Robert Karaś wycofał się z 10-krotnego Ironmana. Polski triatlonista wyjaśnił kibicom powody swojej decyzji.

Robert Karaś w niedzielę rozpoczął zmagania w zawodach "Swiss Ultra" - mistrzostwach świata w triathlonie na dystansie 10-krotnego Ironmana. Sportowiec przepłynął 38 kilometrów, przejechał na rowerze 1800 km i przebiegł 65 km. Był zdecydowanym liderem.

Do pokonania zostało mu 357 kilometrów. Wtedy jednak wycofał się ze zmagań i został zabrany do szpitala. 

"Przykro nam poinformować o przerwaniu wyścigu Roberta. Po 38 km pływania, 1800 km na rowerze i 65 km biegu lekarze zakazali kontynuowania wyścigu w obawie o życie! Był na granicy, a to wiąże się z ryzykiem. Ból po operacji, którą odbył tylko 3 tyg. temu, okazał się nie do zniesienia nawet dla niego" - przekazał na swoim profilu na Instagramie.

"Fizycznie i psychicznie czułem się super"

3 tygodnie temu w Hiszpanii miałem zabieg urologiczny.

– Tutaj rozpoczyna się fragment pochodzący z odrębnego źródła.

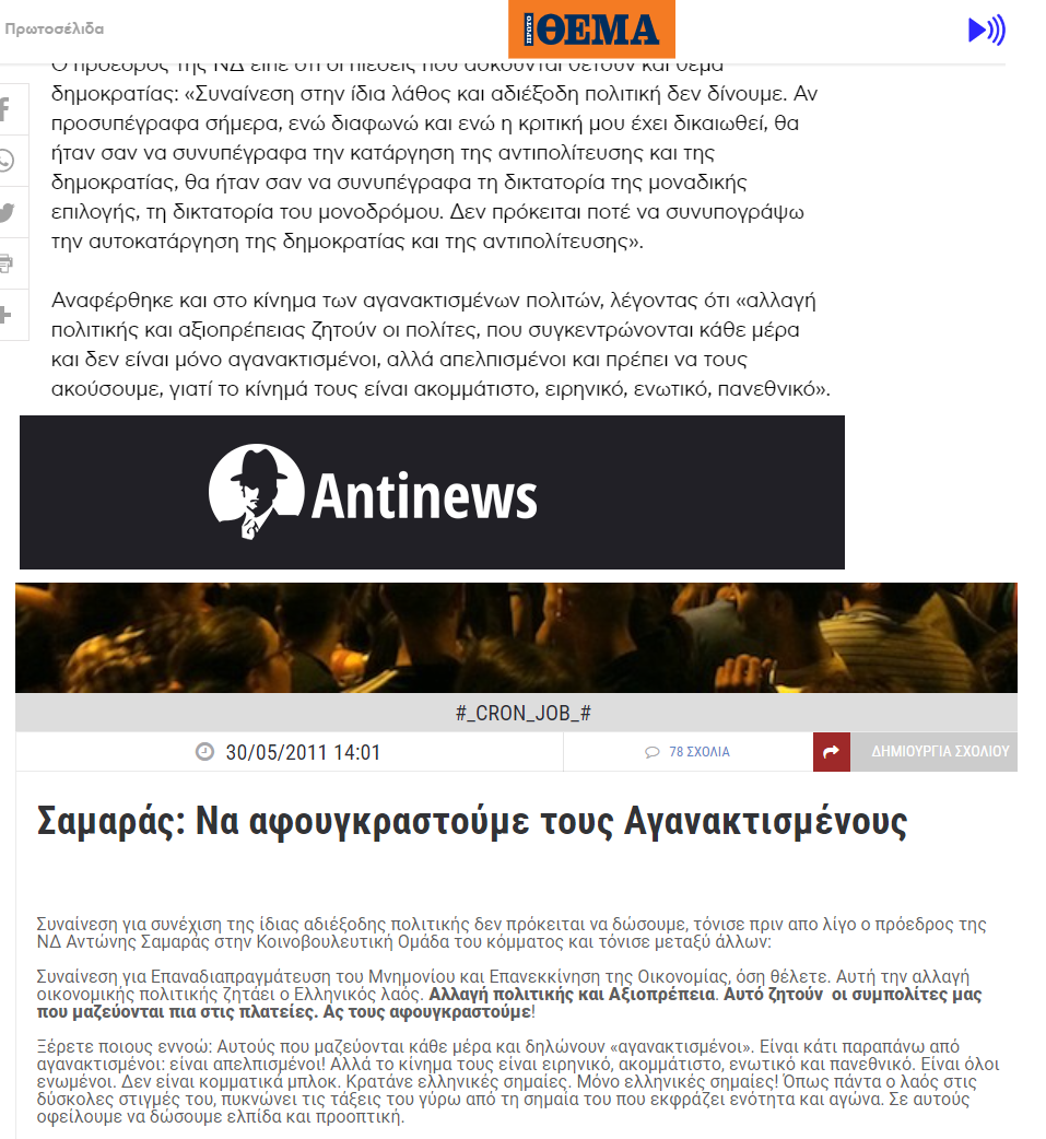 Το δε αγαπημένο του Antinews αποδελτίωνε ακόμα μεγαλύτερο μέρος της τότε ομιλίας του, καθώς ο Αντ. Σαμαράς δεν είχε σταματήσει εκεί:

W trakcie wyścigu w Meksyku w listopadzie zrobił mi się guz, który musiałem wyciąć, bo nie mogłem usiąść na siodełku i biegać. 3 tygodnie temu on się tak powiększył, że nie byłem w stanie zrobić treningu. Mój start był pod znakiem zapytania - stwierdził Karaś.

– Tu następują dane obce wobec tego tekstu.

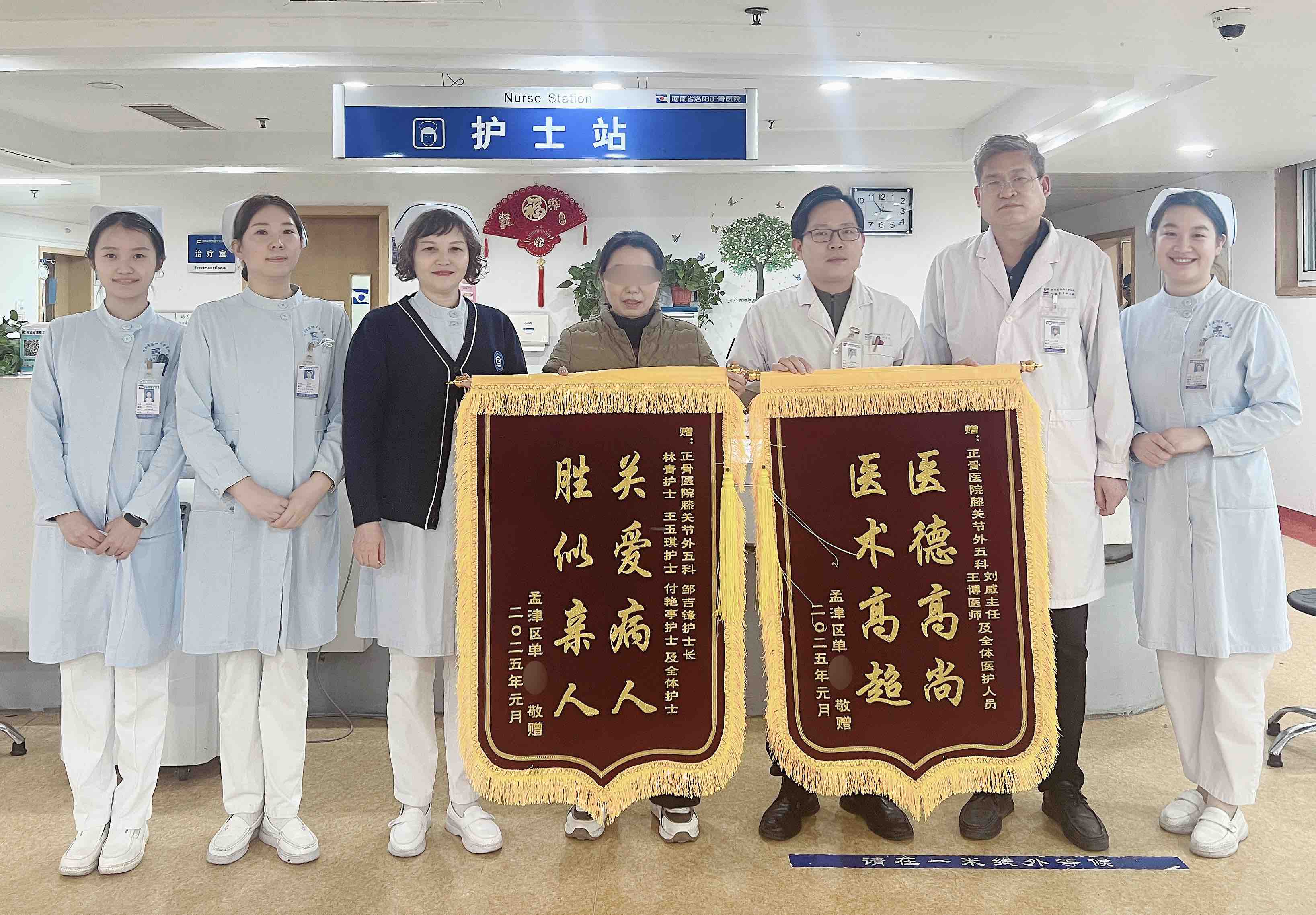 2025年初雪之际,我院膝关节外五科荣幸地收到了两面来自洛阳市孟津县患者的锦旗,它们熠熠生辉,满载着对医护团队细致入微、专业精湛的由衷赞誉与深切感激。

Na rowerze ten guz cały czas się powiększał. W trakcie biegu rana pooperacyjna się rozerwała, zaczęła lecieć ropa. Wezwaliśmy karetkę, żeby jakoś to zatamować, zrobić krótki zabieg i wrócić na trasę, ale lekarz powiedział, że jest to niemożliwe. Trzeba zrobić operację, tam się robi infekcja - opisał.  Jedyną opcją były zastrzyki, które są zakazane. Nie ukończyłbym też tego wyścigu, bo przede mną było jeszcze ponad 40 godzin biegu.

Jeżeli chodzi o samopoczucie, to było bardzo dobre. Był spokój. Wystarczyło zrobić 5 minut przerwy w trakcie biegu i organizm tak się zastał, że czułem, że już nie ruszę - dodał Karaś.

Na trasie 10-krotnego Ironmana pozostało dwóch innych Polaków - Adrian Kostera i Tomasz Lus.

Robert Karaś to mistrz i rekordzista świata w ultra-triathlonie na dystansie pięciokrotnego Ironmana z 2021 roku, potrójnego Ironmana z 2018 r. i podwójnego Ironmana z lat 2017 i 2019. Jest także rekordzistą Polski na dystansie Ironmana z 2019 roku.